True, and there's a reason for that, which I'll get to in a moment.

He finishes up with a bang:
The chemtrail controversy has been raging for a few years now, with conspiracy theorists arguing there must be some secret meaning behind their sudden proliferation.  Could this incident explain the phenomenon?  Is it possible that alien aircraft are using the chemical exhaust fumes of high flying aircraft to refuel spacecraft in Earth's atmosphere?
 The last sentence would be the odds-on favorite in a contest for the statement that caused the fastest simultaneous guffaw and facepalm.  But let's not be hasty, here.  Here's a still from the video, showing the strange, non-aerodynamic craft, of no known configuration, sucking up chemtrail fumes:


But to get the full effect, you should definitely watch the video, which is in the article I linked.  I watched the video twice through, because I was pretty certain I knew what the UFO actually was by twenty seconds in, but I wanted to be certain.  I'm no video analysis expert, mind you, but I'm still pretty sure.  You ready?

It's a red mylar balloon.

The first thing I noticed is that the "UFO" is clearly much lower in altitude than the jet is.  Rose even seems to have noticed that, and let it slip in his first line, in which he states that the jet is "flying high above" the mysterious craft.  So even if Rose is right that chemtrails exist, and UFOs exist, and chemtrails have some sort of mix of chemicals that could be useful to the pilots of UFOs, this particular UFO is probably a couple of miles too low to accomplish its goal in any case.

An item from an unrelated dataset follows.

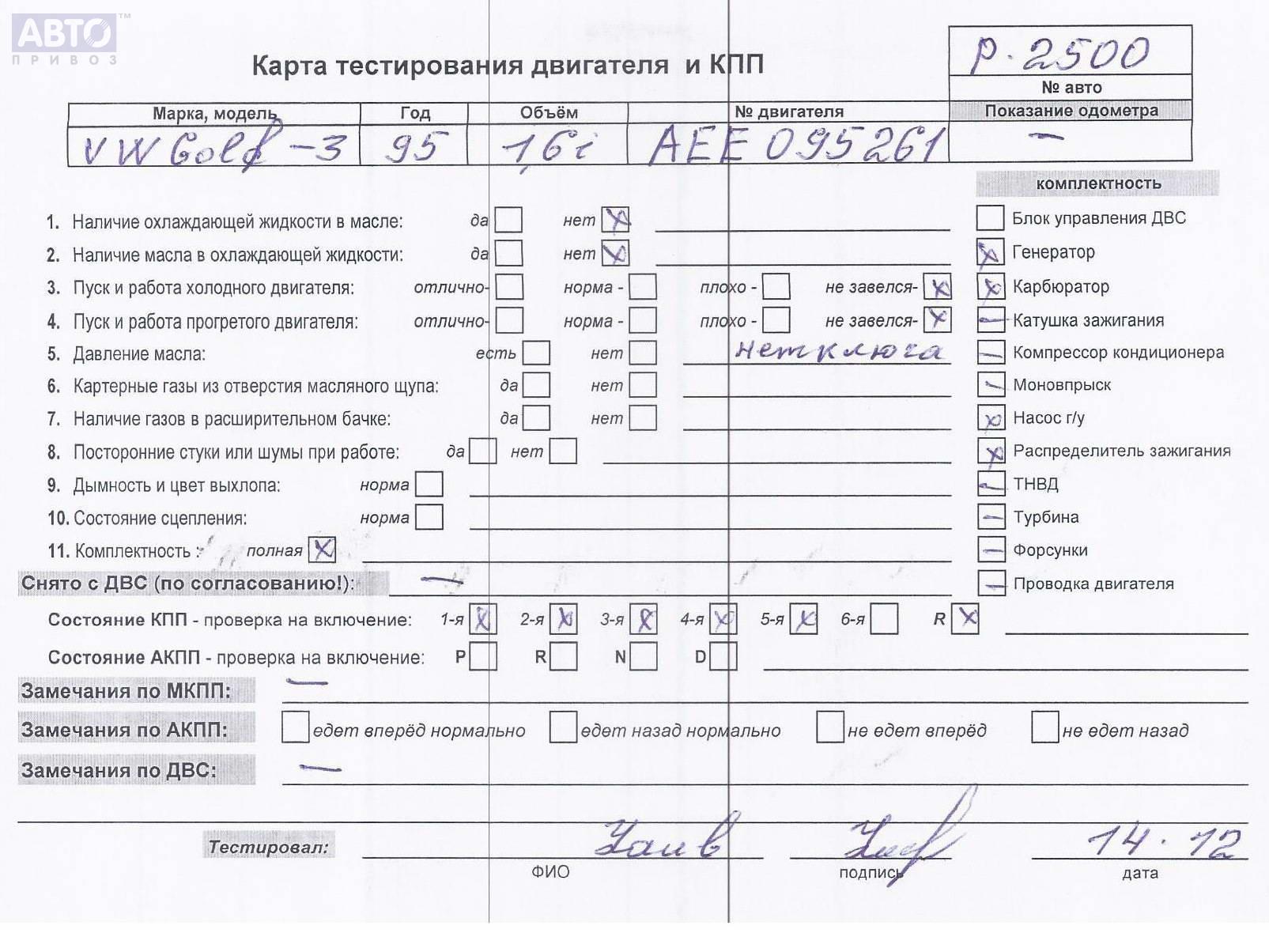 | Марка / Модель / Год: | Volkswagen Golf-3 1995 |
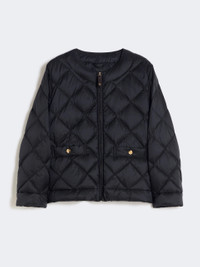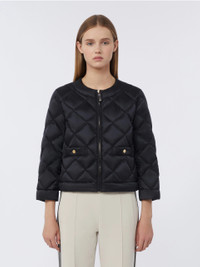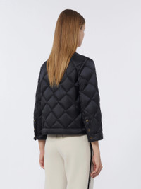 DETAILS Short crew-neck jacket padded with goose down, finished with elastic trim. - Water-repellent canvas jacket with diamond-patterned quilting - Three-quarter set-in sleeves - Side slit with logo snap buttons on the cuffs - Front zip fastening with a logo-branded leather pull-tab - Horizontal welt pockets with logo snap buttons COMPOSITION AND CARE Fabric 100% polyamide; lining 100% polyamide; with quilting virgin goose-down. Machine wash cold delicate cycle; do not bleach; do not tumble dry; line drying in the shade; cool iron; professionally dry clean perchloroethylene - mild process.; wash the garment while it is fastened.; don’t iron the labels.; turn the articles inside out before washing.; take off the zip tongue before washing.; contains non-textile parts of animal origin. Distributed by Max Mara S.r.l., registered office in Reggio Emilia (Italy), Via Giulia Maramotti 4, 42124 (IT) Collection: Max Mara The Cube Product code: 9481016406002 - MTCSOFTA

Second, the "UFO" isn't so much flying as it is drifting.  As balloons do.  The flashes you occasionally see are when bits of it are turned at the right angle toward the sun, and reflect some glare back toward the guy with the videocamera.  They're not "flashing navigational beacons."

So anyway, watch the video yourself, and see if you agree with me.  I'm willing to admit that there may be other explanations, even though I seriously doubt that there's any alien mischief (or, for that matter, evil chemtrail mischief) going on here.

On the other hand, perhaps it's the red mylar balloons we should be watching out for.  Those things are probably up to no good.